Understanding the Snake Game Environment

Before we dive into the code, let's understand our environment:

1. State

We represent the game state with 11 boolean values:

[0-2]: Danger detection (front, right, left)
[3-6]: Current direction (left, right, up, down)
[7-10]: Food location (left, right, up, down)

2. Actions

The snake can make three moves:

FRONT: Continue in the current direction
RIGHT: Turn right relative to current direction
LEFT: Turn left relative to current direction

3. Reward Structure

The game provides rewards when:

The snake eats food (positive reward)
The game ends (negative reward)

Q-Learning: The Theory Behind the Code

Q-learning works by maintaining a table of expected future rewards (Q-values) for each state-action pair. The core algorithm:

Observe current state
Choose an action (balancing exploration and exploitation)
Execute action, observe reward and next state
Update Q-value using the Bellman equation
Repeat until learning converges

The Bellman equation is:

Q(s,a) = Q(s,a) + α * [R + γ * max(Q(s',a')) - Q(s,a)]

Where:

α (learning rate): How much to update Q-values based on new information
γ (discount factor): How much to value future rewards versus immediate ones
R: The reward received after taking action a in state s
max(Q(s',a')): The maximum Q-value possible from the next state

The Implementation

Step 1: Define the Agent Class

class SnakeQAgent:
    def __init__(self, state_size=11, action_size=3, learning_rate=0.001, 
                 discount_factor=0.95, exploration_rate=1.0, 
                 exploration_decay=0.995, min_exploration_rate=0.01):
        self.state_size = state_size
        self.action_size = action_size
        self.learning_rate = learning_rate  # Alpha
        self.discount_factor = discount_factor  # Gamma
        self.exploration_rate = exploration_rate  # Epsilon
        self.exploration_decay = exploration_decay
        self.min_exploration_rate = min_exploration_rate
        
        # Initialize Q-table as a dictionary for sparse representation
        self.q_table = {}

We define our agent with parameters that control learning:

learning_rate: How quickly new information overrides old information
discount_factor: How much future rewards are valued
exploration_rate: Probability of taking a random action instead of the best known action
exploration_decay: How quickly to reduce exploration over time

Step 2: State Representation and Action Selection

def _get_state_key(self, state):
    """Convert state list to a hashable tuple"""
    return tuple(state)

def choose_action(self, state):
    """Choose action using epsilon-greedy policy"""
    if random.uniform(0, 1) < self.exploration_rate:
        # Exploration: choose a random action
        return random.randint(0, self.action_size - 1)
    else:
        # Exploitation: choose best action based on Q-values
        state_key = self._get_state_key(state)
        if state_key not in self.q_table:
            self.q_table[state_key] = np.zeros(self.action_size)
        return np.argmax(self.q_table[state_key])

Here we:

Convert our state list to a hashable tuple (so it can be used as a dictionary key)
Implement the epsilon-greedy strategy for exploration:
- With probability epsilon, choose a random action (exploration)
- Otherwise, choose the action with the highest Q-value (exploitation)

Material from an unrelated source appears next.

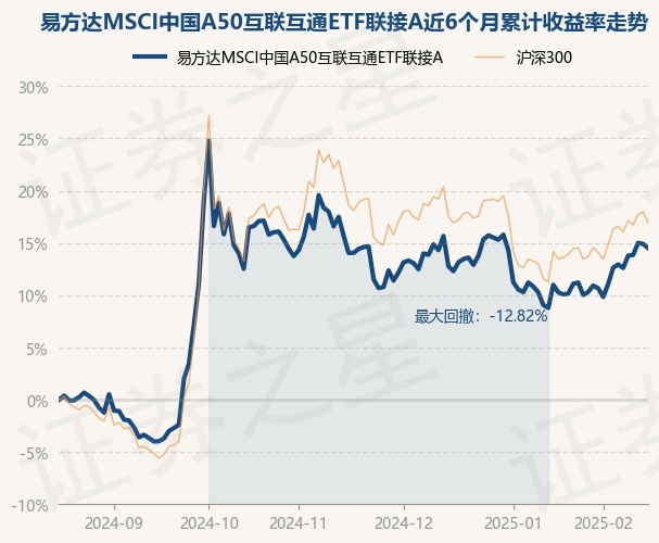 易方达MSCI中国A50互联互通ETF联接A为指数型-股票基金,根据最新一期基金季报显示,该基金资产配置:无股票类资产,债券占净值比2.25%,现金占净值比2.97%。基金十大重仓股如下:

Step 3: Q-Value Updates (Learning)

def update_q_value(self, state, action, reward, next_state, done):
    """Update Q-value for a state-action pair using Bellman equation"""
    state_key = self._get_state_key(state)
    next_state_key = self._get_state_key(next_state)
    
    # Initialize if state not in Q-table
    if state_key not in self.q_table:
        self.q_table[state_key] = np.zeros(self.action_size)
    if next_state_key not in self.q_table:
        self.q_table[next_state_key] = np.zeros(self.action_size)
    
    # Calculate target Q-value using Bellman equation
    current_q = self.q_table[state_key][action]
    max_next_q = np.max(self.q_table[next_state_key]) if not done else 0
    target_q = reward + self.discount_factor * max_next_q
    
    # Update Q-value
    self.q_table[state_key][action] += self.learning_rate * (target_q - current_q)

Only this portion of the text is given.